# Cardinality of the Set of all finite subset of $\mathbb{R}$

Find the cardinality of the set of all finite subsets of $$\mathbb{R}$$.

I have proved that the set of all finite subsets of $$\mathbb{N}$$ is countable . But I cannot find the cardinality of the set in case of $$\mathbb{R}$$ .

My Attempt:

First I have considered the set $$A_k=\{\{a_1, a_2, ..., a_k\}| a_i \in \mathbb{R} \ and\ a_1<...

Then $$S=$$ The set of all finite subsets of $$\mathbb{R}=\bigcup_{n=1}^{\infty}A_{n}$$,
and now in the case of $$\mathbb{N}$$, I could show that this $$A_k$$ is countable and consequently the set of all finite subset of $$\mathbb{N}$$ is countable.

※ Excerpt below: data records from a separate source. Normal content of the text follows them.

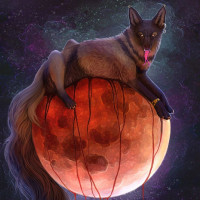 fantasy art, and it could be associated with themes such as celestial creatures, mystical animals, or otherworldly landscapes. The fox is portrayed in
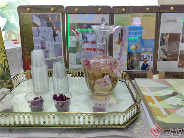 云南展区被五彩斑斓的鲜切花围绕,花香四溢;展台上更有鲜花饼、鲜花饮品、鲜花酿酒,云南鲜花可观、可食、可饮,用花香扮靓着“有一种叫云南的生活”。
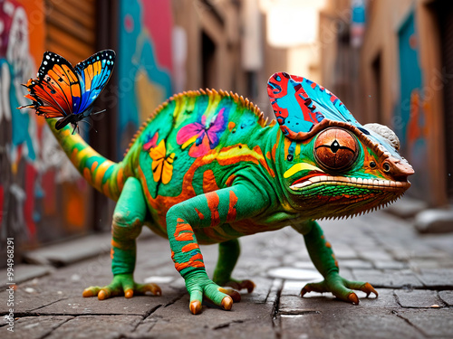 an innovative creation of an authentic whimsical chameleon with interesting texture pattons on its skin, with big interesting butterfly pattons on the wings - generated by ai
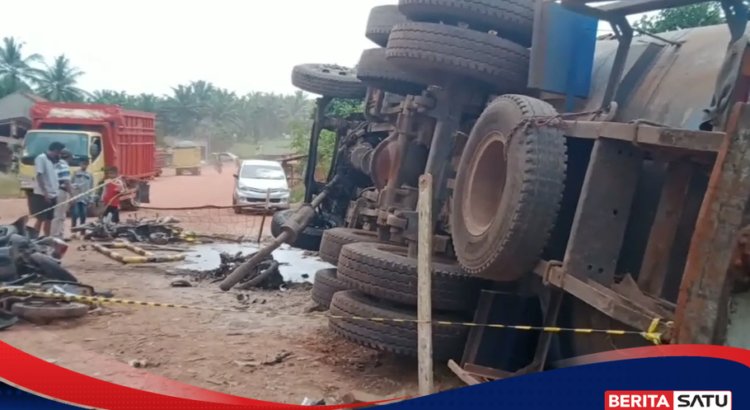THOLANG BAWANG, BERISATU.COM – Unit truk tank runtuh dalam selusin sepeda motor di pintu masuk PT Indo Lampung ke desa Astra Castra. Karena kegagalan truk rem, kecelakaan itu menewaskan seseorang dan merusak lusinan sepeda motor.
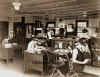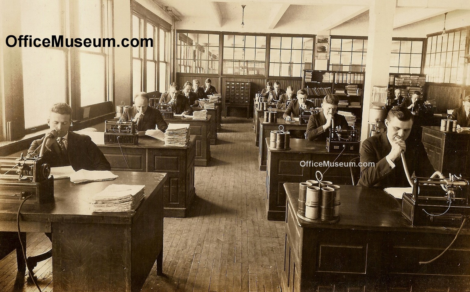 | Office, Home Office Building, Massachusetts Mutual Life Insurance Co., Springfield, MA. The candlestick telephones and the center part in the hair of the man front center suggest that this photo was taken in the 1920s. | Early Office Museum Archives  |
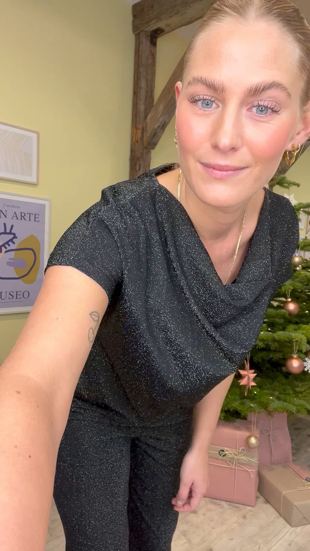 En skøn top fra Continue er kommet i sort med glimmereffekt. Den er med korte ærmer og er løs i pasformen. Derudover er der lavet et lille vandfald ved halsen som giver et feminint udtryk. Den passer fint sammen med de matchende bukser fra samme mærke - men kan sagtens bruges til hvilken som helst underdel.
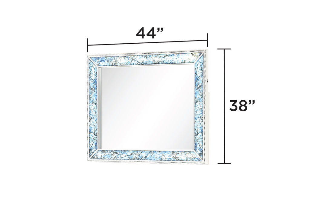 Redefine your sleeping space with this exquisite 5-piece bedroom set, combining luxurious design and premium functionality. The set features a statement-making bed with an upholstered headboard adorned with translucent blue marble accents and integrated LED lights, adding a stylish focal point. The dresser and nightstand offer spacious soft-closing drawers, finished with blue marble-centered handles and crystal accents, while the matching mirror with marble detailing and LED lighting enhances the room's atmosphere. The additional chest brings even more storage with five spacious drawers, completing the set with its sleek, cohesive design. This collection is ideal for those seeking a sophisticated and practical upgrade to their bedroom decor.
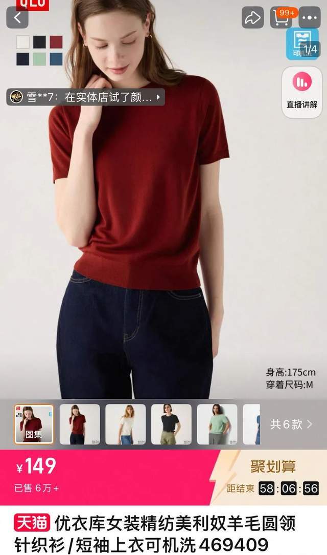 在大众市场,优衣库以“100%高品质美利奴羊毛”为卖点的短袖T恤,以149元的价格斩获6万+销量。
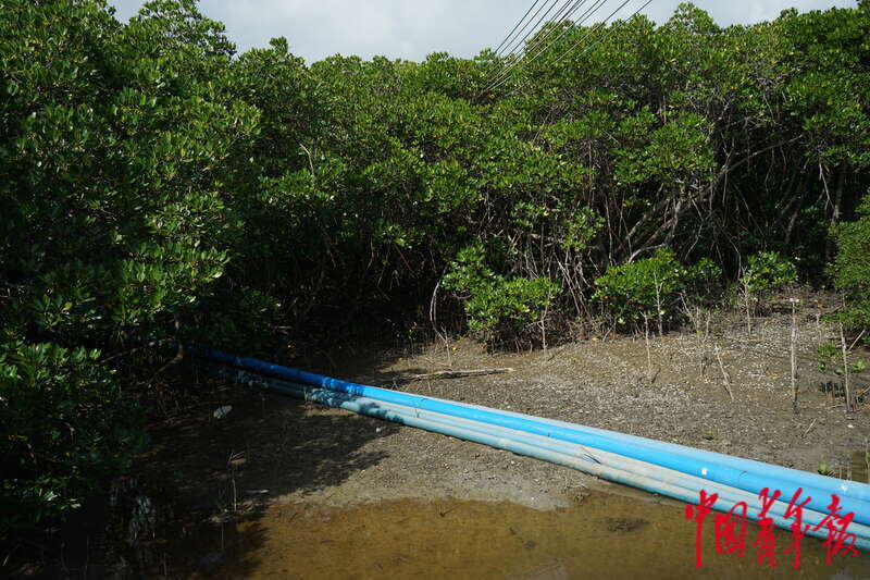 “我们知道红树林好,可以为村庄挡风挡浪。”在李明周的理念里,保护红树林,不砍掉就没问题,取水管穿过保护区似乎没有影响。“拉管的时候,遇到红树林生长的位置,就用弯头绕道避开,我们不动它。”
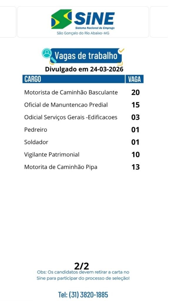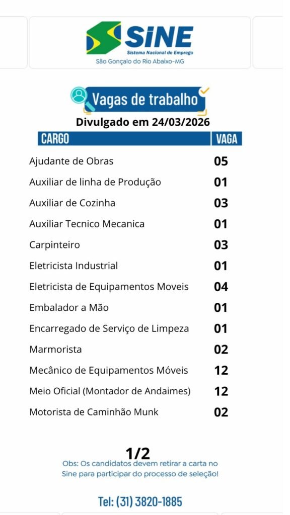 Médio Piracicaba MUITAS VAGAS DE EMPREGO PARA HOJE (24/03) NO SINE SÃO GONÇALO DO RIO ABAIXO 24 de março de 2026 portaldomediopiracicaba@gmail.com Redação

But in this case I cannot say anything like this...In this case the set will be of the cardinality as that of $$\mathbb{R}$$ (I think). But cannot prove it.

I appreciate your help. Thank you.

• @avs The power set is the set of all subsets, the OP asked for the set of all finite subsets. Dec 13, 2016 at 23:49
• Can you prove that the countable union of sets, each of which has the same cardinality as $\Bbb R$, also has the cardinality of $\Bbb R$? (This is related to multiplication of cardinals, if you know anything about that at this point.) Dec 14, 2016 at 0:08
• It's easier if you know that $|\mathbb R|=|\mathcal P(\mathbb N)|.$ Mar 27, 2019 at 20:18

We can show that $$\#S \ge {c}$$ via the injection $$f: \mathbb{R} \rightarrow S$$, $$f(x) = \{x\}$$.

If you show $$\#S \le c$$ then you can conclude $$\#S = c$$ invoking Bernstein's theorem.

Let's prove the following: let $$X = \{X_k,\ k \in \mathbb{N}\}$$ be a family of subsets such that $$\#X_i \le c$$, $$\ \forall i \in \mathbb{N}$$, and let $$V = \bigcup_{k\in \mathbb{N}}X_k$$. Then $$\#V \le c$$.

Because $$\#X_i \le c$$, we have for each $$i$$ a surjective $$f_i: \mathbb{R} \rightarrow X_i$$. We define $$g: \mathbb{N} \times \mathbb{R} \rightarrow V$$, $$g(n,x) = f_n(x)$$.

$$g$$ is an surjective function: let $$x \in V$$, then $$x \in X_i$$ for some $$i$$, then we have $$a \in \mathbb{R}$$ such that $$f_i(a) = x$$ because $$f_i$$ is surjective. Then $$g(i,a) = f_i(a) = x$$, with $$(i,a) \in \mathbb{N}\times\mathbb{R}$$.

We conclude that $$g$$ is surjective.

Thus $$\#V \le \#(\mathbb{N}\times\mathbb{R})$$, this is, $$\#V \le c$$.

Your set $$S$$ satisfies the hypotheses, so we have $$\#S \le c$$, and thus $$\#S = c$$.

Let $$A$$ be an element of the set of all the finite subsets of $$\mathbb{R}$$, which we shall denote simply by $$\mathcal{P}_{<\omega}(\mathbb{R})$$

Assertion: $$\mathcal{P}_{<\omega}(\mathbb{R})\preccurlyeq\,^\omega\mathbb{R}$$

We will identify $$A$$ with a $$\omega$$-sequence of elements of $$\mathbb{R}$$, that is, and element of $$^\omega\mathbb{R}$$, in the following way:

Assume that $$A=\{a_0,\dots,a_n\}$$. Then we can construct a $$\omega$$-sequence $$(b_k)_{k\in\omega}$$ defined by:

$$b_k=\begin{cases} a_k\qquad\qquad\text{if }k\le n \\ a_n+1\qquad\text{ if }k>n \end{cases}$$

It is clear that the correspondence $$A\longmapsto(b_k)_{k\in\omega}$$ is injective.

Now, on the one hand we have that $$\mathbb{R}\preccurlyeq\mathcal{P}_{<\omega}(\mathbb{R})$$, because the function $$r\in\mathbb{R}\longmapsto\{r\}\in\mathcal{P}_{<\omega}(\mathbb{R})$$ is obviously injective.

On the other hand, $$\mathcal{P}_{<\omega}(\mathbb{R})\preccurlyeq\mathbb{R}$$, since $$\;\mathcal{P}_{<\omega}(\mathbb{R})\preccurlyeq\,^\omega\mathbb{R}\;$$ and $$\;^\omega\mathbb{R}\preccurlyeq\mathbb{R}$$: in fact, $$|^\omega\mathbb{R}|=\big(2^{\aleph_0}\big)^{\aleph_0}=2^{\aleph_0\times\aleph_0}=2^{\aleph_0}=|\mathbb{R}|$$

From the Cantor-Bernstein therem, we obtain that $$|\mathcal{P}_{<\omega}(\mathbb{R})|=|\mathbb{R}|=2^{\aleph_0}$$